LLM 微調步驟: Tokenizing¶
原文: LLM fine-tuning step: Tokenizing
標記化(Tokenization)是微調 LLM 的關鍵階段,要求我們:
Encode the input
這通常是指導文本的一種形式,例如問題。Decode the output
通常是呼叫generate()
方法後的響應。
Tokenization 是什麼?¶
簡單來說,就是使用字典(tokenizer 類別的實例)將單字轉換成電腦可以更好理解的東西,也就是數字化。當然,這是一個簡化的解釋,如下圖所示:
範例 (encode 和 decode)¶
from transformers import AutoTokenizer
tokenizer = AutoTokenizer.from_pretrained("chat gpt")
text = "Hi, how are you?"
encoded_text = tokenizer(text)["input_ids"]

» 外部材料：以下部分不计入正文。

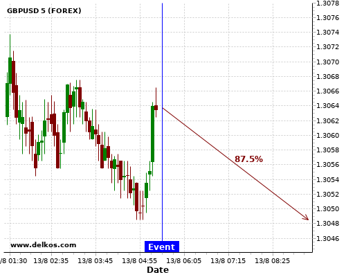 TradersNews 72.72% probability that GBPUSD will trend up on Friday 14 Aug at 09:00 AM GMT if the EMU GDP Growth Rate QoQ 2nd Est number is equal to -12.1%.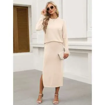 Show more Introducing the ultimate fashion staple that every woman needs in her wardrobe! This exquisite two-piece sweater skirt set is crafted from a premium blend of materials: 50% Viscose, 30% Nylon, and 20% PBT. The result? A soft, comfortable fit with just the right amount of stretch. Designed with versatility in mind, this set includes a cozy crew neck top with long sleeves that feature adjustable cuffs, making it ideal for any occasion. Paired with a midi skirt showcasing a flattering split hem design, this outfit promises to elevate your style effortlessly.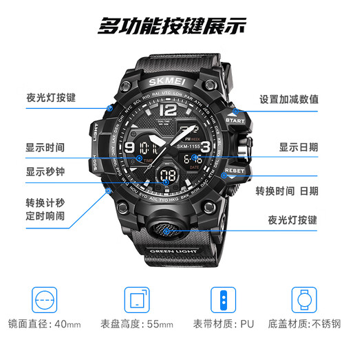 这款手表采用ABS防震材质打造,具备出色的抗摔性能。高品质的树脂镜面,清晰耐刮,使用寿命更长久。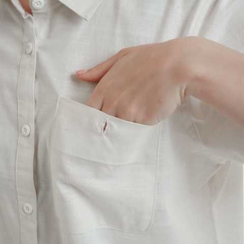 • 1 saku dada dengan kancing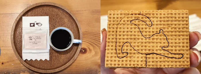평소엔 우롱차 + 펑리수 조합으로 시식을 했었는데 이번에는 커피와 바나나맛 와플을 선택해 보았습니다. 커피는 "8호 커피"라고 되어있었고, 고소하고 뒷맛이 깔끔해서 바나나 와플과 찰떡궁합이었습니다. 와플은 네모난 틀 안에 고양이 모양으로 만들어져 있어, 뽑기 하듯 분리하면서 먹는 재미가 있었습니다. 매장 판매코너에는 "5호 커피"도 있었는데 산미가 있는 타입이라 사과 펑리수와 잘 어울린다고 합니다.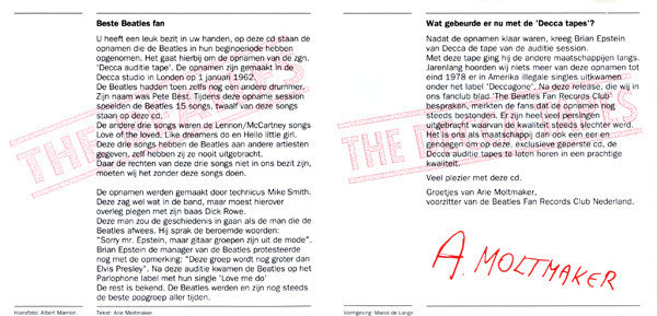 The booklet contains a small history of the "Decca Tapes" written up by the then head of the Paul McCartney Club in the Netherlands to add to the curiosity of this release.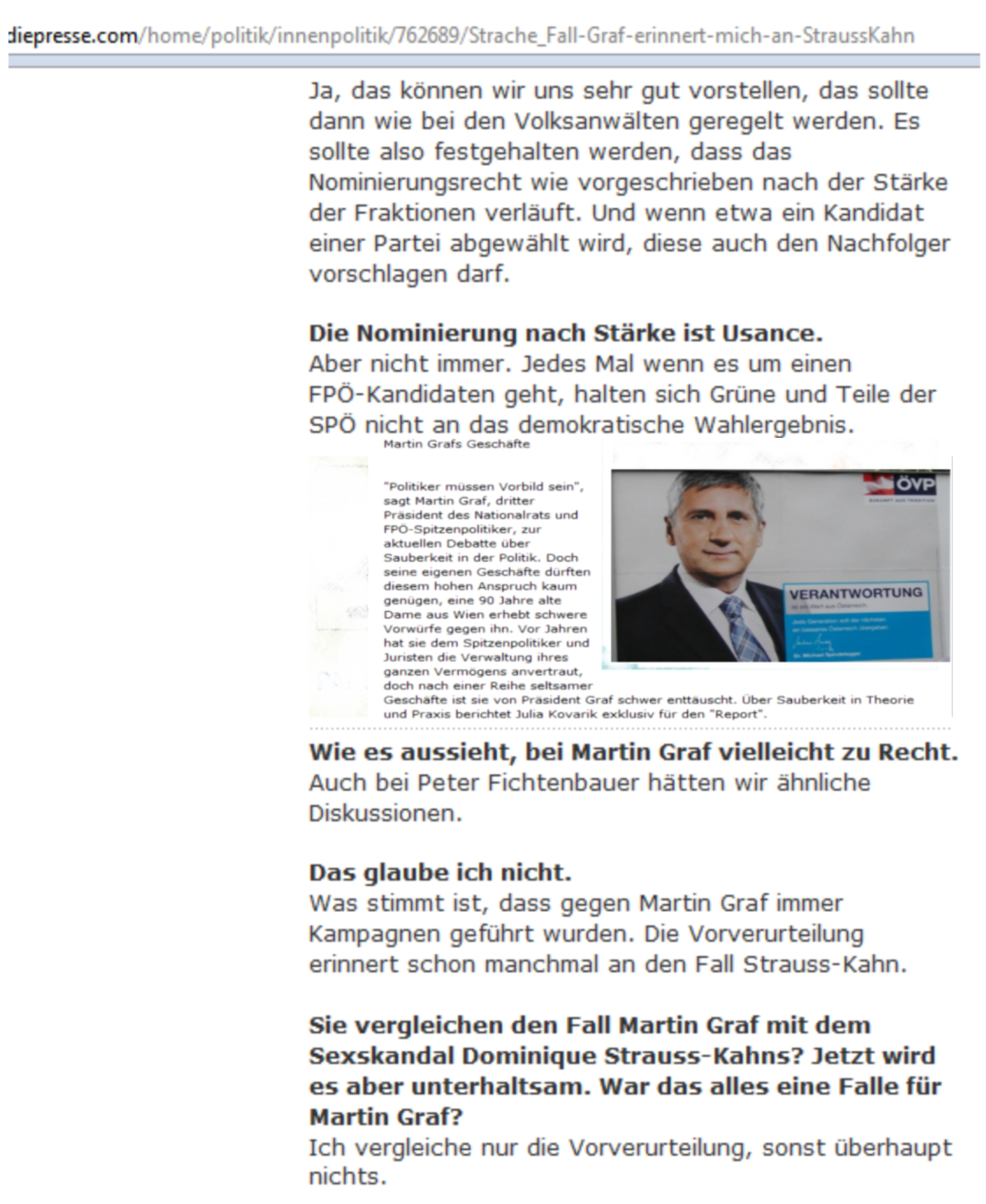 Im Gegensatz zu Rainer Nowak, der das Interview mit Heinz-Christian Strache führte, weiß der zurzeitige Obmann sehr genau, welche Diskussionen auch ein Peter Fichternbauer als freiheitlicher Kandidat beispielsweise für die Position eines Dritten Nationalratspräsidenten herausfordern würde, aufgrund seiner Tätigkeiten und Aussagen -, den Stoff für Diskussionen produziert stets das freiheitliche Personal, ohne diesen Stoff würde es keine Diskussionen geben …

decoded_text = tokenizer.decode(encoded_text)
print("Decoded tokens back into text: ", decoded_text)
範例 (preprocessing)¶
import datasets
def tokenizing(example):
#
# Callback for each examples
# examples["question"] is a list containing str.
#
if "question" in example and "answer" in example:
text = example["question"][0] + example["answer"][0]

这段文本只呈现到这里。